Chapter 06 — Webhooks and real-time data5 min read

What are webhooks

When the request comes from outside

Everything you've learned so far follows the same pattern: your app sends a request to an external service, and the service sends a response. Your app asks Stripe "show me this customer's invoices," and Stripe answers.

But sometimes the flow goes the other way. Something happens on Stripe's side (a payment succeeds, a subscription is canceled), and your app needs to know about it. Not five minutes later. Right now.

How does your app find out? Two options.

Option A: your server keeps asking Stripe "did anything change?" every few seconds. Like refreshing a delivery tracking page over and over, hoping for an update.

Option B: you tell Stripe "call me when something happens." Like giving the restaurant your phone number so they text you when your table is ready, instead of calling them every two minutes.

Option A is called polling. Option B is called a webhook. This chapter is about option B.


Polling: the brute-force approach

Polling means your server calls the external service's API on a timer: "Any new payments? No? OK, I'll ask again in 30 seconds."

It works, but most of the time the answer is "nothing changed." Your server is burning requests, bandwidth, and API rate limits for nothing. And if something does happen, you only find out on the next check, not when it actually occurred.


Webhooks: "don't call us, we'll call you"

A webhook flips the direction. Instead of your server asking the external service for updates, the external service calls your server when something happens.

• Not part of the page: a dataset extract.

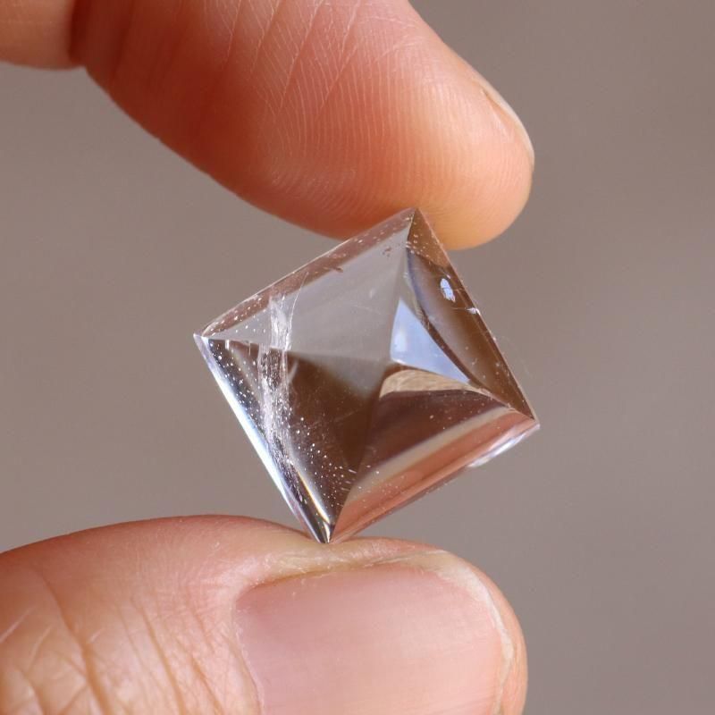 まほらで結晶から選び出し、カットデザイン、研磨を行ったインド・マニハール産水晶。

Here's the setup: you give Stripe a URL on your server (called a webhook URL). You say: "whenever a payment succeeds, send a message to this URL." From that point on, Stripe calls your server automatically every time a payment goes through. No polling. No wasted requests. You get the data exactly when it matters.

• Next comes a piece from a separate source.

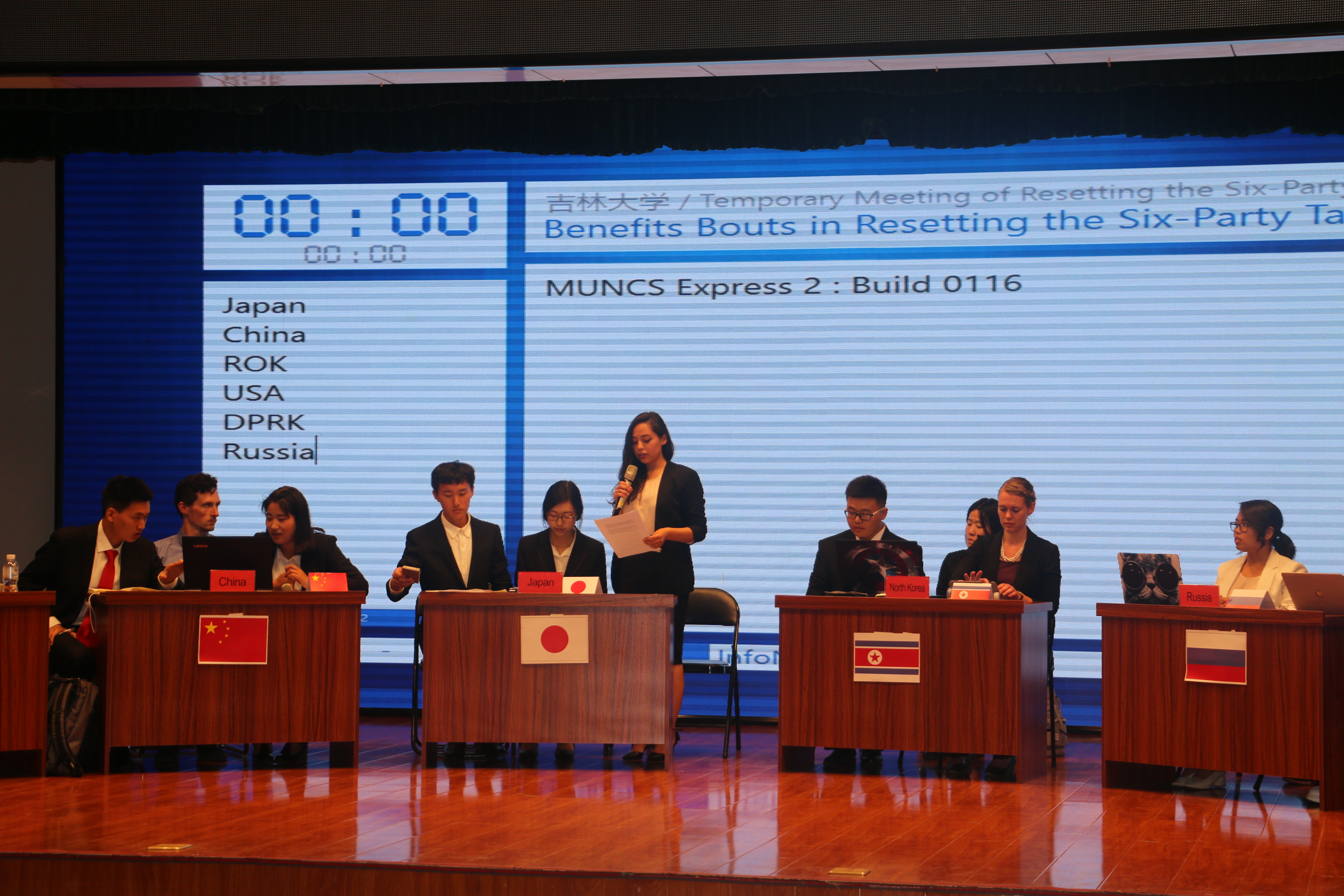 与会代表分别是由中国学生与加拿大访问学生共同组合的:美国代表、日本代表、俄罗斯代表、中国代表、韩国代表和朝鲜代表。本次谈判中,各位代表就自身利益出发点与相关关切发表了意见。其中,朝鲜、日本就“朝方释放人质同时日方减轻相应的经济制裁”达成一致;美国表示在停止核试验的基础上同意适当减少在亚洲地区的武装部署;韩国向朝鲜释放了愿意对话甚至合作的信号;中俄表示希望建立新的对话机制来和平解决半岛问题。

The key point: webhooks are always about an external service sending data to your app. Stripe tells you about payments. Shopify tells you about orders. It's always an outside system reaching into yours to say "hey, this just happened."


You've seen this pattern before

Webhooks are behind most real-time features you use every day. The pattern is always the same: something happens on an external service, and that service notifies your app.

  • Stripe → your app. A customer pays for a subscription. Stripe sends a webhook so your app can instantly unlock the premium features. Without it, the user would pay and see nothing happen until your server checks Stripe later.
  • Shopify → your warehouse. A customer places an order on your online store. Shopify fires a webhook to your fulfillment system so packing starts immediately, not the next time someone checks the dashboard.
  • Twilio → your support tool. A customer replies to an SMS you sent. Twilio sends the message to your server via webhook so it shows up in your support inbox in real time. Notice the pattern: it's always External Service → Your App. Webhooks are the mechanism external services use to push information into your product the moment something happens on their side.

Polling vs. webhooks side by side

PollingWebhooks
Who initiates?Your server asks repeatedlyThe external service tells you
TimingYou find out on the next check (delayed)You find out immediately
Wasted requestsMany (most checks find nothing new)Zero (only fires when something happens)
SetupEasy (just call the API on a timer)Requires registering a webhook URL
AnalogyRefreshing the delivery page every 5 minGetting a push notification

Polling is simpler to set up, but it doesn't scale. If you're checking 10 services every 30 seconds, that's 20 requests per minute doing nothing useful. Webhooks are more efficient: zero requests until something actually happens, then one notification with all the data you need.


The webhook URL

To receive webhooks, you need to give the external service a URL where it can send messages. This is your webhook URL (sometimes called a webhook endpoint or callback URL).

It looks like any other URL:

https://yourapp.com/webhooks/stripe

When you configure webhooks in Stripe's dashboard (or any service), you paste in this URL and select which events you want to receive. Stripe stores it and sends a POST request to that URL every time one of those events happens.

Your engineering team is the one who sets this up. But as a PM, you'll see this concept come up in integration discussions. When someone says "we need to set up a webhook for payments," they mean: register a URL with Stripe so your server gets notified automatically.


Key takeaways

  • Polling means asking "anything new?" on repeat. It works but wastes resources.
  • Webhooks flip the model: the service notifies you when something happens.
  • You register a webhook URL with the external service. It sends data to that URL automatically.
  • Webhooks power real-time features: instant payment confirmations, order updates, deployment triggers.
  • You don't need to build webhooks yourself. You need to understand the concept to have productive conversations with your engineering team.